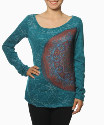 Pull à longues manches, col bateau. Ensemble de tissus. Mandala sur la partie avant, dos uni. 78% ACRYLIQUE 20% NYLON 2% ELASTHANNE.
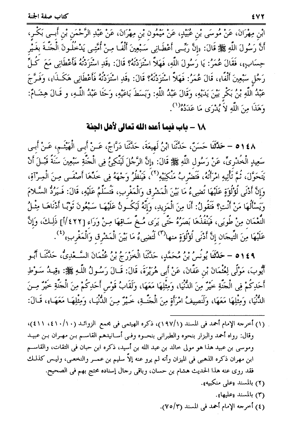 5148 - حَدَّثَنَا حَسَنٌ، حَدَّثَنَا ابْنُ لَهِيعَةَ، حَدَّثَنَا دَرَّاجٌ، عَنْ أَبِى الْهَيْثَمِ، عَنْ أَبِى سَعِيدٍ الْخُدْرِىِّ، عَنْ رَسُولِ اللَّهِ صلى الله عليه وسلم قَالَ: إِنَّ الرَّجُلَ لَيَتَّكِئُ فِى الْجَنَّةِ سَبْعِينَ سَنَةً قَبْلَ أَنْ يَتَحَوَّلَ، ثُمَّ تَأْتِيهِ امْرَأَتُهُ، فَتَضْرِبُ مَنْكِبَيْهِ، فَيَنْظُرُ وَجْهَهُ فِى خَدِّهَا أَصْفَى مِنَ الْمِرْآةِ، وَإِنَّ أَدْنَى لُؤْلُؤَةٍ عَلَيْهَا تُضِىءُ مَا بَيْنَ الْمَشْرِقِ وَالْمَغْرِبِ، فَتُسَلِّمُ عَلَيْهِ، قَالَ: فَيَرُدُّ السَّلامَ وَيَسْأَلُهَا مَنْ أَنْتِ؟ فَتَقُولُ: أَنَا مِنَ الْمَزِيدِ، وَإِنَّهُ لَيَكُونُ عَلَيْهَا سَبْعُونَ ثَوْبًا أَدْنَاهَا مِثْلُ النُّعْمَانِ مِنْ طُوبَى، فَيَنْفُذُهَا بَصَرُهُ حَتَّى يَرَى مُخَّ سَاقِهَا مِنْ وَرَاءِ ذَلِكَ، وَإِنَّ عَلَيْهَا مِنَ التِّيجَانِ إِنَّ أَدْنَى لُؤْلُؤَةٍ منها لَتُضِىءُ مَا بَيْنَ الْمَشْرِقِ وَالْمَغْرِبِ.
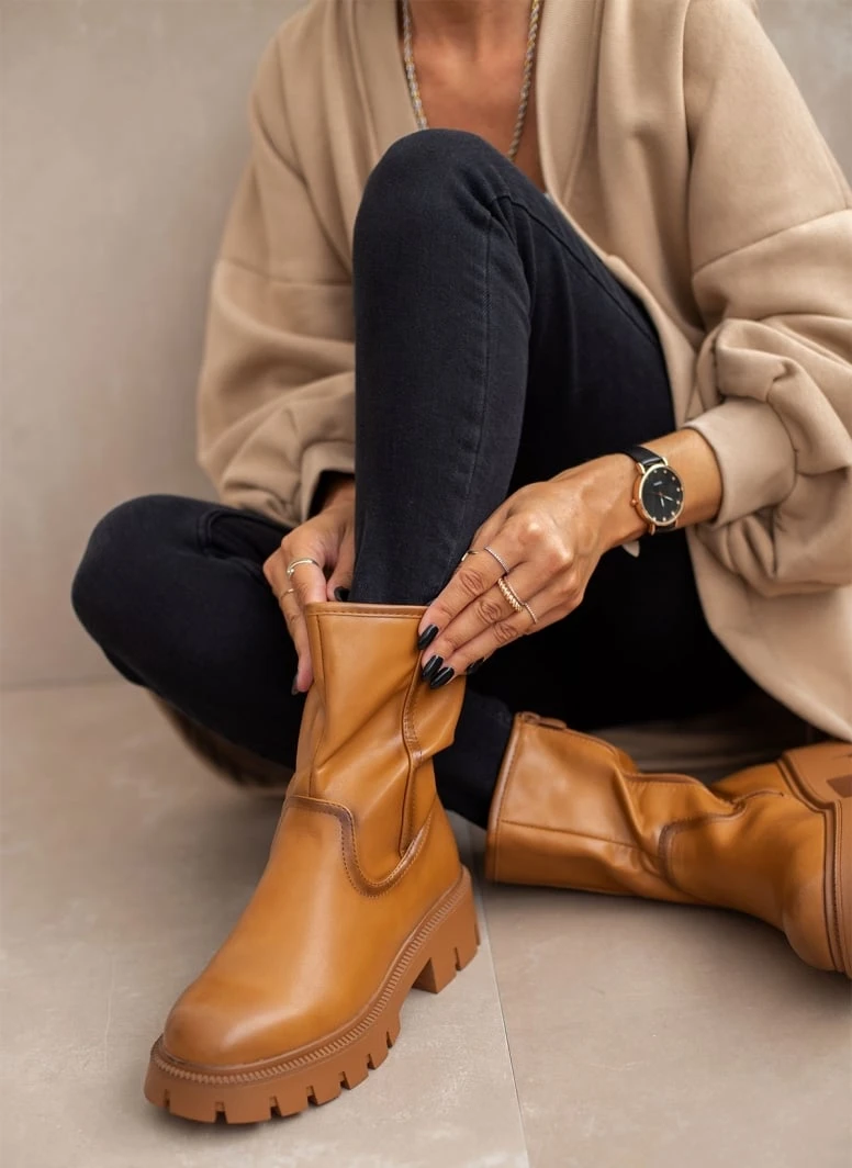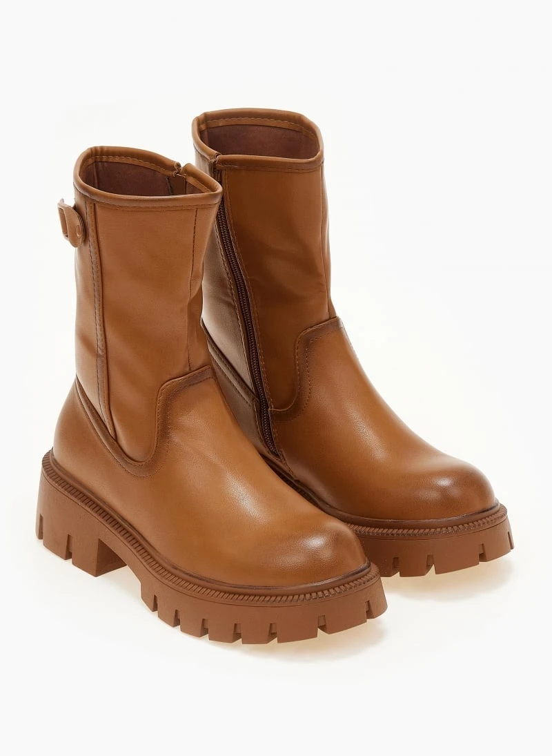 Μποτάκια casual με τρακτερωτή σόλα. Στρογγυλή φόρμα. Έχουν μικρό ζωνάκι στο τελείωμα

### ABOUT THIS EXERCISE
An unchanged copy of the data, images excluded, is all that should be given.

### SOLUTION FOR THIS TASK
 Pull à longues manches, col bateau. Ensemble de tissus. Mandala sur la partie avant, dos uni. 78% ACRYLIQUE 20% NYLON 2% ELASTHANNE.
 5148 - حَدَّثَنَا حَسَنٌ، حَدَّثَنَا ابْنُ لَهِيعَةَ، حَدَّثَنَا دَرَّاجٌ، عَنْ أَبِى الْهَيْثَمِ، عَنْ أَبِى سَعِيدٍ الْخُدْرِىِّ، عَنْ رَسُولِ اللَّهِ صلى الله عليه وسلم قَالَ: إِنَّ الرَّجُلَ لَيَتَّكِئُ فِى الْجَنَّةِ سَبْعِينَ سَنَةً قَبْلَ أَنْ يَتَحَوَّلَ، ثُمَّ تَأْتِيهِ امْرَأَتُهُ، فَتَضْرِبُ مَنْكِبَيْهِ، فَيَنْظُرُ وَجْهَهُ فِى خَدِّهَا أَصْفَى مِنَ الْمِرْآةِ، وَإِنَّ أَدْنَى لُؤْلُؤَةٍ عَلَيْهَا تُضِىءُ مَا بَيْنَ الْمَشْرِقِ وَالْمَغْرِبِ، فَتُسَلِّمُ عَلَيْهِ، قَالَ: فَيَرُدُّ السَّلامَ وَيَسْأَلُهَا مَنْ أَنْتِ؟ فَتَقُولُ: أَنَا مِنَ الْمَزِيدِ، وَإِنَّهُ لَيَكُونُ عَلَيْهَا سَبْعُونَ ثَوْبًا أَدْنَاهَا مِثْلُ النُّعْمَانِ مِنْ طُوبَى، فَيَنْفُذُهَا بَصَرُهُ حَتَّى يَرَى مُخَّ سَاقِهَا مِنْ وَرَاءِ ذَلِكَ، وَإِنَّ عَلَيْهَا مِنَ التِّيجَانِ إِنَّ أَدْنَى لُؤْلُؤَةٍ منها لَتُضِىءُ مَا بَيْنَ الْمَشْرِقِ وَالْمَغْرِبِ.
 Μποτάκια casual με τρακτερωτή σόλα. Στρογγυλή φόρμα. Έχουν μικρό ζωνάκι στο τελείωμα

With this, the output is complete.